- **Problem details**: Beginning at the line that contains "麻辣香锅,主材料选用虾、蟹、" and finishing at the line that contains "从业绩看,18股今年前三季度", output the data below exactly. Include both end lines and no pictures.

- **Data**:
* * * *

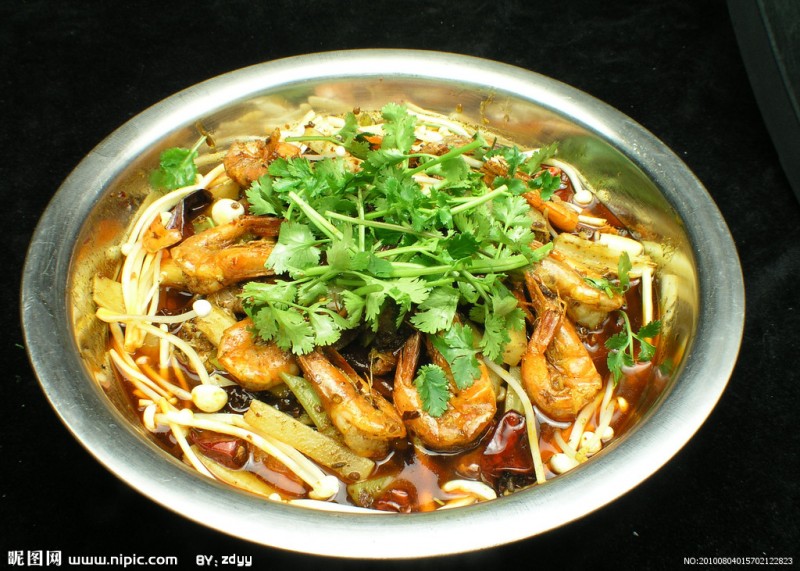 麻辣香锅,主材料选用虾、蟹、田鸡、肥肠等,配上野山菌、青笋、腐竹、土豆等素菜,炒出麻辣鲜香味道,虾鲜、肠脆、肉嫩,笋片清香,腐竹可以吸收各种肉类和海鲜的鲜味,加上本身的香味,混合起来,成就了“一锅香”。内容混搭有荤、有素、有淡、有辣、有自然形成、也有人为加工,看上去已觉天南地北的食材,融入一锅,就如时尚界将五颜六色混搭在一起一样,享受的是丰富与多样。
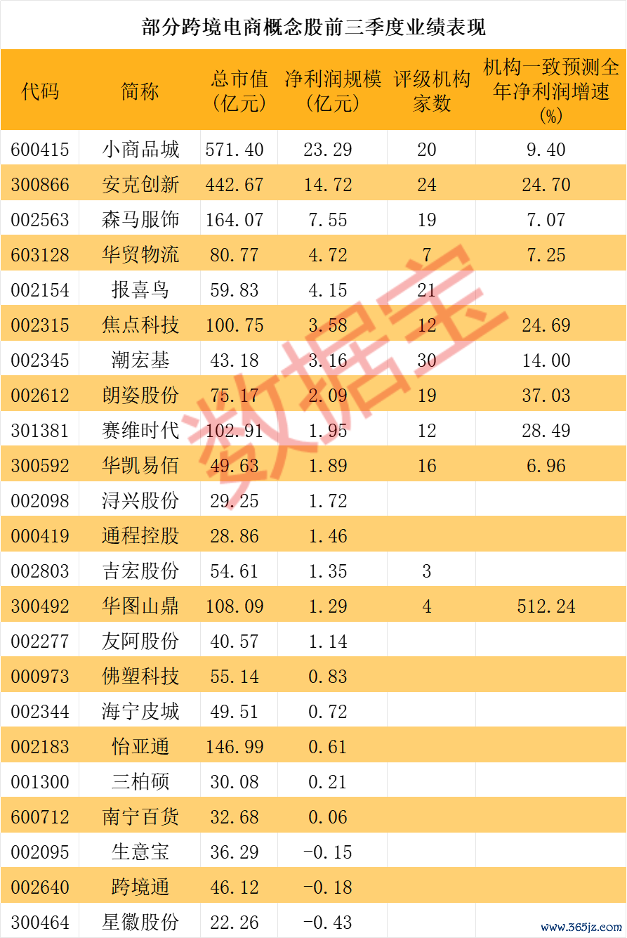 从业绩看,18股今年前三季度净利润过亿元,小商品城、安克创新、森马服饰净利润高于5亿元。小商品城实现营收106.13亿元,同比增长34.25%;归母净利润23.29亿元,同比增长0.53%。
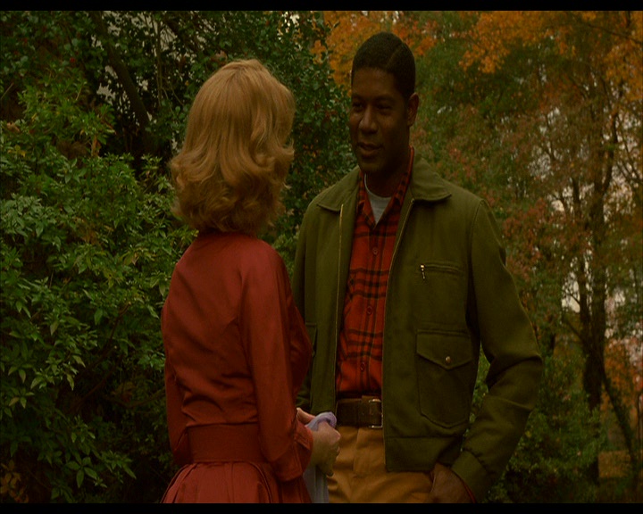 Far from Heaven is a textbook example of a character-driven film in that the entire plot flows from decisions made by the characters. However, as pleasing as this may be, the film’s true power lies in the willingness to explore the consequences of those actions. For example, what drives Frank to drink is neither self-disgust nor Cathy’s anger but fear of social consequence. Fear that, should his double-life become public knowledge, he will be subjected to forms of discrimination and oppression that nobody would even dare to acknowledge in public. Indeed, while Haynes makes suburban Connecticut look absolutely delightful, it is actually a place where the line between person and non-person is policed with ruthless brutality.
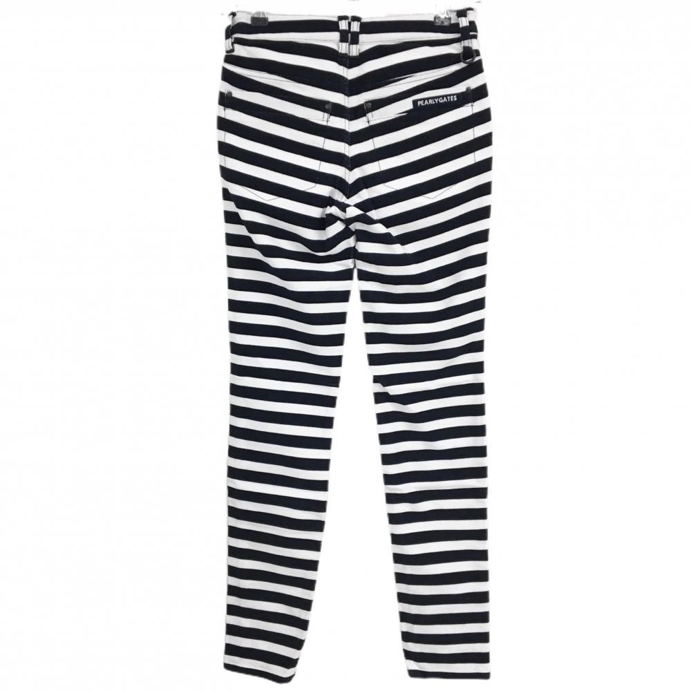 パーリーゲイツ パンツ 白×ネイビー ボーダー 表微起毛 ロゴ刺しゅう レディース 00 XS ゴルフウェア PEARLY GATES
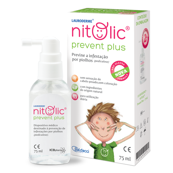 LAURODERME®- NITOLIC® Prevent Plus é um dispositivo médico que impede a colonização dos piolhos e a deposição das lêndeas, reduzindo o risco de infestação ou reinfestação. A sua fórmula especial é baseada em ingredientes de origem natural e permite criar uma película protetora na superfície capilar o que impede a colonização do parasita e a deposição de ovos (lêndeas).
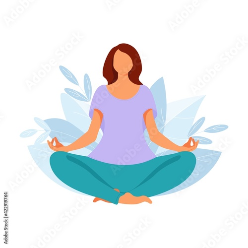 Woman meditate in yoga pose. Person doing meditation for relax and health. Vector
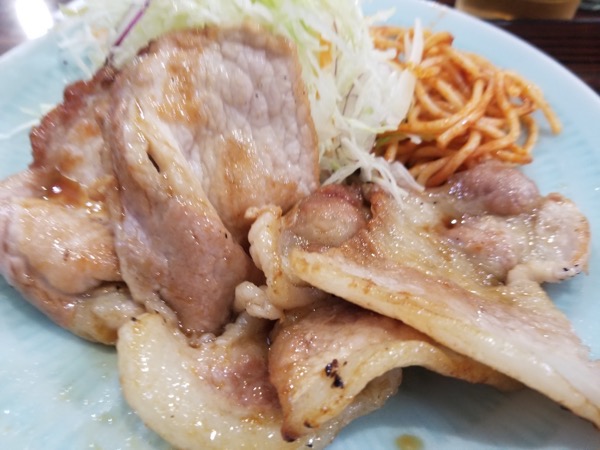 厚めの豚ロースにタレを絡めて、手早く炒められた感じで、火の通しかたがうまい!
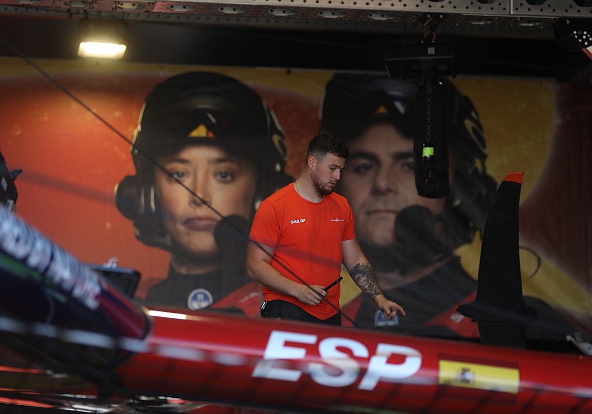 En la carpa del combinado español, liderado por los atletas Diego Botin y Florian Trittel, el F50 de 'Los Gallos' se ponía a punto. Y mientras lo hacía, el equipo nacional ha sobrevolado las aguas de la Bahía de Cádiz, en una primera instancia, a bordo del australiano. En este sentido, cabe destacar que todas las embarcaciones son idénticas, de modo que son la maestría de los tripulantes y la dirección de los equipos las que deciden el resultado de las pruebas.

* * * *

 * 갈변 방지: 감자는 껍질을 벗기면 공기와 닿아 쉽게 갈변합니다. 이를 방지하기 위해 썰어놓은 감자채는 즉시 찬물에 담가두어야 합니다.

* * * *

- **Output below**:
 麻辣香锅,主材料选用虾、蟹、田鸡、肥肠等,配上野山菌、青笋、腐竹、土豆等素菜,炒出麻辣鲜香味道,虾鲜、肠脆、肉嫩,笋片清香,腐竹可以吸收各种肉类和海鲜的鲜味,加上本身的香味,混合起来,成就了“一锅香”。内容混搭有荤、有素、有淡、有辣、有自然形成、也有人为加工,看上去已觉天南地北的食材,融入一锅,就如时尚界将五颜六色混搭在一起一样,享受的是丰富与多样。
 从业绩看,18股今年前三季度净利润过亿元,小商品城、安克创新、森马服饰净利润高于5亿元。小商品城实现营收106.13亿元,同比增长34.25%;归母净利润23.29亿元,同比增长0.53%。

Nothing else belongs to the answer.